The Mediterranean diet is rich in plant-based foods, such as fruits, vegetables, whole grains, legumes, and nuts, which provide a variety of essential vitamins, minerals, and fiber.

Olive oil is the main source of fat in the diet, which is known for its monounsaturated and polyunsaturated fats that have been shown to reduce LDL (“bad”) cholesterol levels and inflammation.

Moderate intake of fish, poultry, and dairy products provides lean protein sources, while red and processed meat consumption is limited.

Low-to-moderate consumption of wine with meals, primarily red wine, is also a characteristic of the Mediterranean diet and has been linked to the presence of flavonoids and other beneficial compounds.
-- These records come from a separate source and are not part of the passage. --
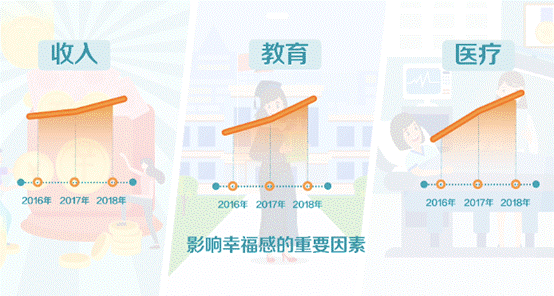 收入、教育、醫療滿意度提升,增強中國人整體幸福感整體趨勢來看,從2006年開始,收入、教育、醫療問題,就一直是影響中國人幸福感的最重要原因,過去三年,這三項指標的滿意度出現了不同程度的提高,提升了中國人的整體幸福感。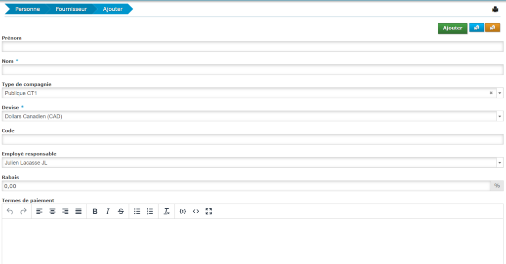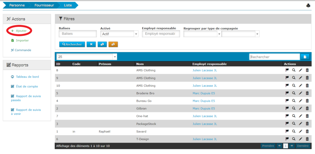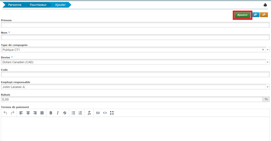 À partir de la page des fournisseurs, cliquez sur «Ajouter». Cette fonctionnalité est située dans la boîte à action rapide.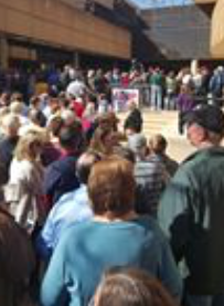 In Wichita, Democrats lined up down the block outside the machinists’ union headquarters to get in to caucus. In the end, there were too many people to fit into the union hall so the caucus was held outside.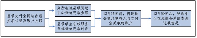 支付宝会根据国家开发银行规定的扣款日期提前5天通过手机短信通知您进行支付宝账户的充值,建议您及时更新在支付宝绑定的手机号码。您在还款日期前,可以通过网上银行、支付宝卡通、网点充值、消费卡充值等方式将还款资金充值到您的支付宝账户,国家开发银行将委托支付宝公司在扣款日期从您的支付宝账户中扣取相应的资金转至国家开发银行。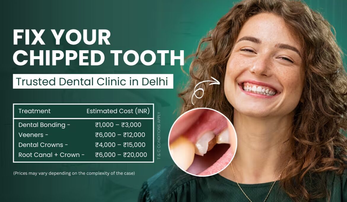 A chipped tooth can happen at any time — while eating, due to an accident, or even from grinding your teeth at night. If you’re in Delhi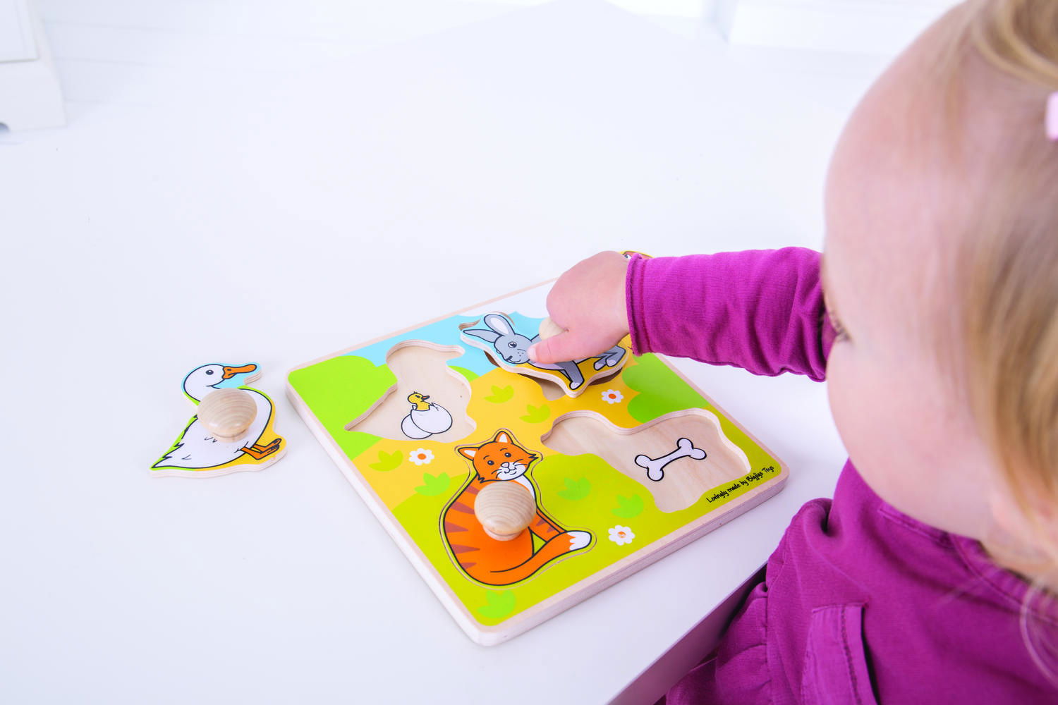 contine 4 piese tip puzzle cu diferite animale: ratusca, iepure, pisica si catel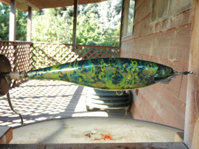 An all paint lure that evolved from (1) chartreuse/black, (2) blue, (3) gold, and finally (4) green. Three lace patterns were used that each covered roughly 1/3 the length of the lure. The patterns were rotated as each color was added.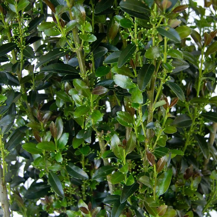 Buy Jade Lance® Holly online. This extremely narrow growing hybrid holly is part of the Aim High series introduced by Gardener’s Confidence®. Glossy dark green leaves are tightly produced, and new growth is beautiful burgundy. It resembles the smoother leaved Japanese hollies, and will look like a green obelisk in your landscape! Terrific when used to frame entryways and gates, as well as a stand alone specimen.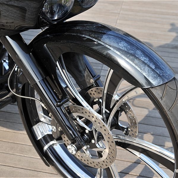 バガースタイルの基本デザインは、フロントホイールを極端に大きな、インチアップするのが1つ。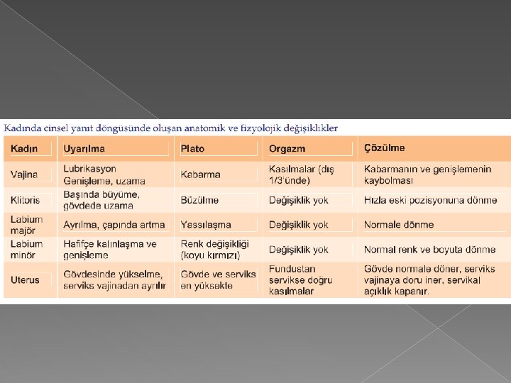 Kadında Cinsel İşlevin Fizyolojisi ve Cinsel Yanıt Döngüsü � a) Uyarılma evresi � b) Plato evresi � c) Orgazm evresi � d) Çözülme evresi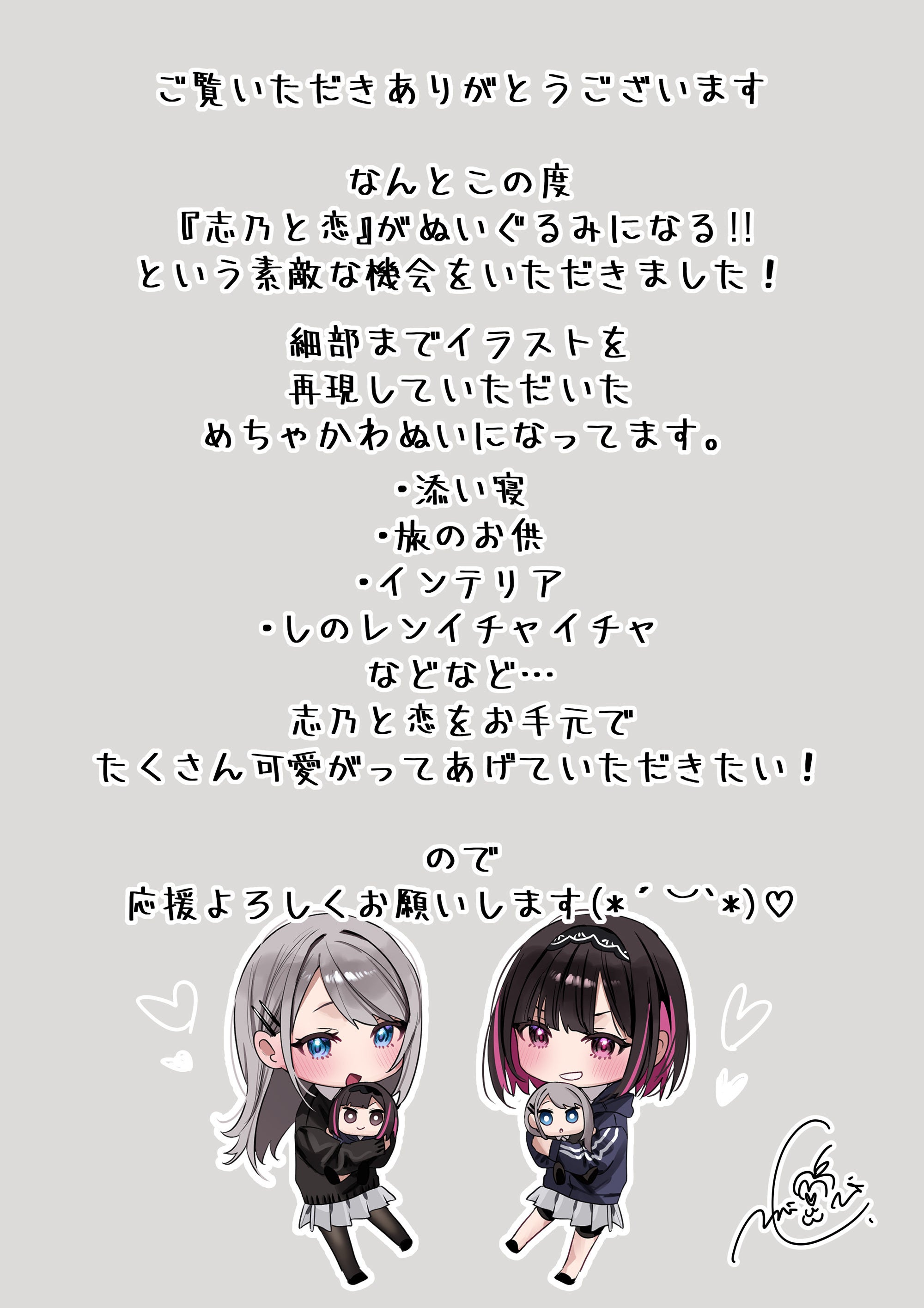 千種みのりの描く「志乃と恋」がぬいぐるみ化に挑戦します!!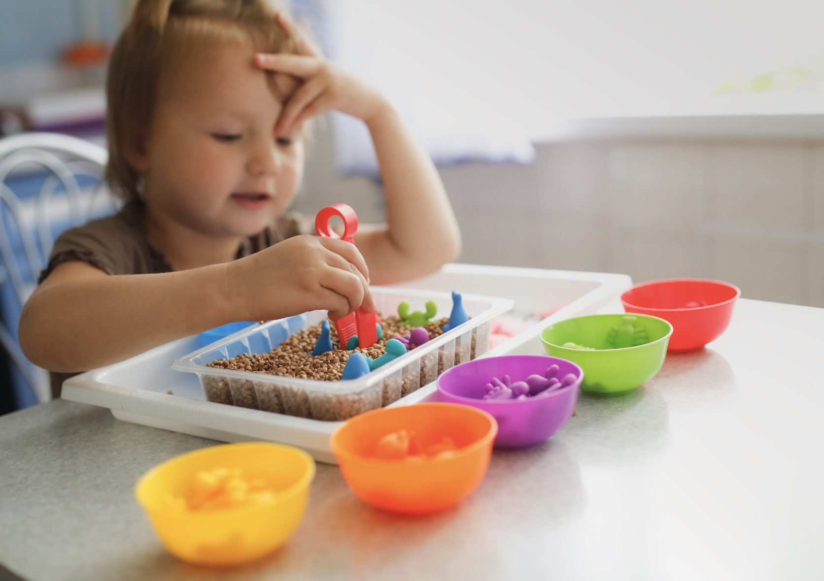 Çocuğa karışık tepsiyi göster ve “Bu malzemeleri ayırmaya ne dersin?” diyerek etkinliği başlat. Çocuk, malzemeleri tek tek ayırarak uygun renkteki kaselere yerleştirir:

Studies have shown that following a Mediterranean diet can help people with type 2 diabetes manage their blood sugar levels and improve insulin sensitivity, which is the ability of the body to respond to insulin and regulate blood sugar.

This is due to the high fiber content in the diet, which helps slow down the absorption of glucose in the bloodstream, as well as the consumption of high-quality foods that have anti-inflammatory and antioxidant properties.

The anti-inflammatory effects of the Mediterranean diet are thought to be related to the increased consumption of foods rich in polyphenols and flavonoids, such as fruits, vegetables, and olive oil.

These compounds have been shown to reduce oxidative stress and inflammation, which are key contributors to the development of chronic diseases.

In addition, the Mediterranean diet has been associated with reduced levels of markers of inflammation in the blood, such as C-reactive protein.

The Mediterranean diet has also been shown to improve endothelial function, which is the ability of the blood vessels to relax and dilate in response to increased blood flow.

Endothelial dysfunction is an early marker of atherosclerosis, a disease process that underlies many cardiovascular diseases.

The high consumption of fruits, vegetables, and whole grains in the Mediterranean diet provides a variety of vitamins and minerals that support endothelial function, while the monounsaturated and polyunsaturated fats in olive oil help maintain the integrity of the blood vessel walls.

Overall, the Mediterranean diet is a well-established dietary pattern that has been shown to have numerous health benefits, particularly for individuals with type 2 diabetes and those at risk for cardiovascular disease.

By incorporating more plant-based foods, healthy fats, and moderate alcohol consumption, the Mediterranean diet offers a sustainable and enjoyable way to improve health and reduce the risk of chronic diseases.

The research was published in Endocrine and conducted by Katherine Esposito et al.